Vignette: Calling IBD with ancIBD

This notebook walks you through the steps to call IBD segments with ancIBD. It assumes one has data in hdf5 format, including genetic map and ideally also allele frequency data. For how to produce such a .hdf5 file from an imputed VCF, please see the vignette notebook create_hdf5_from_vcf.ipynb.

[1]:

import sys as sys
import matplotlib.cm as cm
import pandas as pd
import os as os

### Set working directory to your ancIBD vignette folder
path = "/n/groups/reich/hringbauer/git/hapBLOCK/notebook/vignette/"

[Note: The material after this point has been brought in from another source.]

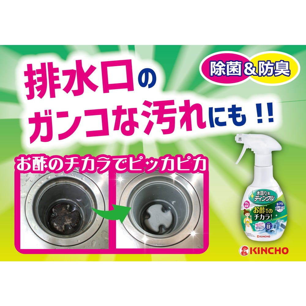 ●必ず使用前に表示をお読み下さい。 【使用上の注意】 ●用途外に使わない。 ●効果が落ちるので塩素系の洗浄剤や漂白剤、ヌメリ取り剤とは併用しない。 ●使用の時は炊事用等の手袋を着用する。 ●換気をよくして使う。 ●人に向けてスプレーしない。 ●目より高い場所で使用する時はスポンジや布につけて洗う。 ●プラスチック製品(人造大理石を含む)の一部、塗装面にはシミになるものがあるので、目立たない場所で試してから使用し、すぐに水で洗い流すか水拭きする。 ●頑固な水アカ汚れは、乾燥後白膜が現れて取り除けない場合があります。これは水道水などに含まれるケイ酸が蓄積したもので、本品では落としきれません。液体タイプのクレンザー等でこすり取って下さい。 ●使用後は手をよく水で洗う。 ●子供の手が届く所に置かない。 【応急処置】 ●目に入った時はこすらずにすぐ水で充分洗い流す。 ●飲み込んだ時は水を飲ませる等の処置をする。 ●皮膚についた時は水で充分洗い流す。 ●異常がある時は商品を持参し、医師に相談する。 【ボトルへのつめかえ方】 (注ぎ口の切り方) 1.上から点線の方向にゆっくりと切って下さい。 (注ぎ方) 2.注ぎ口をさし込み、泡立たないようにゆっくり注いで下さい。 *切る際には中身の飛び出しと切り口にご注意下さい。 *他の洗剤等とまぜないで下さい。 *必ず「水回り用ティンクル」のボトル(300mL)につめかえて下さい。 *あふれないように、液を使い切ってからつめかえて下さい。つめかえた後はボトルの表示をよく読んでお使い下さい。 【使えないもの】 白木等水がしみこむ材質や家具、大理石等の石材、電気製品、スチロール樹脂製品※液が付着した場合はすぐに水で洗い流すか水拭きする。 【使用の目安】 洗浄・除菌には:1m2に約8回噴射 防臭には:排水口内に約5回噴射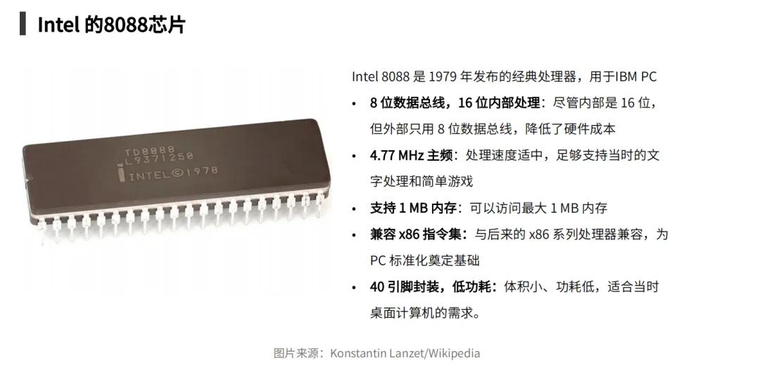 IBM PC最早采用的Intel的8088芯片就是个典型例子。8088相比前代 8086在总线位数上做了调整,成本因此得以下降,这也让它成了IBM PC 的核心芯片。

os.chdir(path)  # Set the right Path (in line with Atom default)
print(os.getcwd())

### The following Code sets the working directory to your ancIBD code
### Only uncomment if you want to use not the pip installed package
#sys.path.insert(0,"/n/groups/reich/hringbauer/git/hapBLOCK/package/")  # hack to get development package first in path

/n/groups/reich/hringbauer/git/hapBLOCK/notebook/vignette

Code to run IBD calling

Note: For a quick test run for a pairs of indivdiuals and a specific chromosome including a visualization of the posterior, see the vignette notebook ./plot_IBD.ipynb. This visual test is always recommended to verify whether your data is sound and everything works as expected.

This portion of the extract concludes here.